147 N.E. 781, 84 Ind. App. 93, 1925 Ind. App. LEXIS 161
CourtIndiana Court of Appeals
DecidedMay 20, 1925
DocketNo. 12,280.
StatusPublished
Cited by1 cases

This text of 147 N.E. 781 (Talge Mahogany Co. v. New Albany Veneering Co.) is published on Counsel Stack Legal Research, covering Indiana Court of Appeals primary law. Counsel Stack provides free access to over 12 million legal documents including statutes, case law, regulations, and constitutions.

Bluebook
Talge Mahogany Co. v. New Albany Veneering Co., 147 N.E. 781, 84 Ind. App. 93, 1925 Ind. App. LEXIS 161 (Ind. Ct. App. 1925).

Opinion

McMahan, J.

This cause was tried on an amended complaint in. one paragraph alleging: That in December, 1917, appellant entered into a contract with the Signal Corps of the United States Army for the manufacture of certain plywood to be used in constructing aeroplanes; that appellant was engaged in manufacturing the thin sheets of wood or veneer used in making plywood, but was not engaged in the business of, or equipped to manufacture plywood and was not prepared to manufacture the plywood called for in said contract; that thereafter appellant and appellee entered into a written contract whereby appellee agreed to manufacture the plywood called for in the contract, appellant agreeing to furnish the veneer for that purpose, such plywood to be three-ply construction, with poplar core .and mahogany face and back, appellant to cut the veneer to size and deliver the same to appellee at New Albany, and to pay appellee ten and one-fourths cents a foot for making the plywood, $5.16 per thousand surface feet of all mahogany which had to be jointed and taped and $2.42 per thousand for poplar core which had to be jointed and taped; that the contract of appellant with the signal corp called for pieces of plywood of smaller dimensions than the contract between appellant and appellee, and that the cost of making plywood in sizes named in the contract between *95 appellant and appellee was much less than the cost of making the same area in sizes named in the said contract with the signal corps, the time required to make the large sizes being substantially less than that required to make the small sizes.
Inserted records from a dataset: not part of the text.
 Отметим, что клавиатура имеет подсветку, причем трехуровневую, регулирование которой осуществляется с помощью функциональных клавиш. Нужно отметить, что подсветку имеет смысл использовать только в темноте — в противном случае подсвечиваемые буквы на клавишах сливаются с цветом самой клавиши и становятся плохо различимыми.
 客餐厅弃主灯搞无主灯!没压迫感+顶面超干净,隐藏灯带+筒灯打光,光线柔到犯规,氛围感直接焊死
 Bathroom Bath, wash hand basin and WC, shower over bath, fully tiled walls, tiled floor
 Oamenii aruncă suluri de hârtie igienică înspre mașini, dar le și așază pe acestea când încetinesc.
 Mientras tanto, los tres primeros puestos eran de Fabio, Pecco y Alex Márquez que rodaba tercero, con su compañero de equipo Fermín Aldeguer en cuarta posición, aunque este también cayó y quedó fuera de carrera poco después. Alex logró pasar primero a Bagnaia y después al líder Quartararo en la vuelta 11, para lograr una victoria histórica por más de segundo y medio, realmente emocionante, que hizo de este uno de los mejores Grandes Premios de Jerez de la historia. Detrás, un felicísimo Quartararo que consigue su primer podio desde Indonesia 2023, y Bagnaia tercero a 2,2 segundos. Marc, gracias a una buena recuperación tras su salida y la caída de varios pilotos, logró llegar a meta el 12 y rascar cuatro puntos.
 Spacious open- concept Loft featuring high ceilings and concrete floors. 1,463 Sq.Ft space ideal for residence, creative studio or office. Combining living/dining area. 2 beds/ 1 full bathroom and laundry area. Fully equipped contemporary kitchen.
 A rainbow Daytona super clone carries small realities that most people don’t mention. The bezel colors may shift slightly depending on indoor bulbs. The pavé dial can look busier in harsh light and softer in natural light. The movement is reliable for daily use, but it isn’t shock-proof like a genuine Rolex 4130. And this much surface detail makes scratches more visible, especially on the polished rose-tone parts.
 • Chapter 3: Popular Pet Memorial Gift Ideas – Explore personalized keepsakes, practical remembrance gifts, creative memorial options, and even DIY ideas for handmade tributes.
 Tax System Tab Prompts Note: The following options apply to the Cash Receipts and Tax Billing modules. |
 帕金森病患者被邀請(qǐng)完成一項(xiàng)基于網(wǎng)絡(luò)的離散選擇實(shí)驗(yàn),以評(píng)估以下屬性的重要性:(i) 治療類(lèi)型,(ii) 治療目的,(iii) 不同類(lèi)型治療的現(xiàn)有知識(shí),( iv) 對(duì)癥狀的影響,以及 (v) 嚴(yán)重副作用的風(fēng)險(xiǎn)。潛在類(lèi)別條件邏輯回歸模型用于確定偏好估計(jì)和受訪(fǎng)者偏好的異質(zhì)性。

That after the execution of the contract with appellant, appellee proceeded to prepare to execute the same, and installed special equipment for that purpose at a cost of $2,932.88, which cost had been figured into the cost of manufacturing the entire order covered by the contract and to be absorbed in the completion of the contract. That appellee manufactured and delivered to appellant under said contract 404,577 feet of plywood, 340,497 feet of which passed government inspection and was of the sizes required by the contract between appellant and the government, but 64,080 feet was rejected by the government because of defects in the veneer furnished by appellant; that later, said rejected pieces of plywood were, at the request of appellant, cut so as to eliminate the defects and the part of such plywood remaining was made into other sizes called for in the contract between appellant and the signal corps, and the pieces so cut off delivered to appellant; that said rejection was not due to any fault of appellee. That because of the failure of appellant to furnish veneer of proper sizes and of the required quality, appellee was required to cut the veneer into smaller sizes, and had to make and handle 70,863 pieces, whereas under the contract appellee would have made only 30,324 pieces, and that it cost appellee $7,190.74 more to make the 70,863 pieces than it would have cost to have made the 30,324 pieces in the sizes called for in the contract between appellant and appellee.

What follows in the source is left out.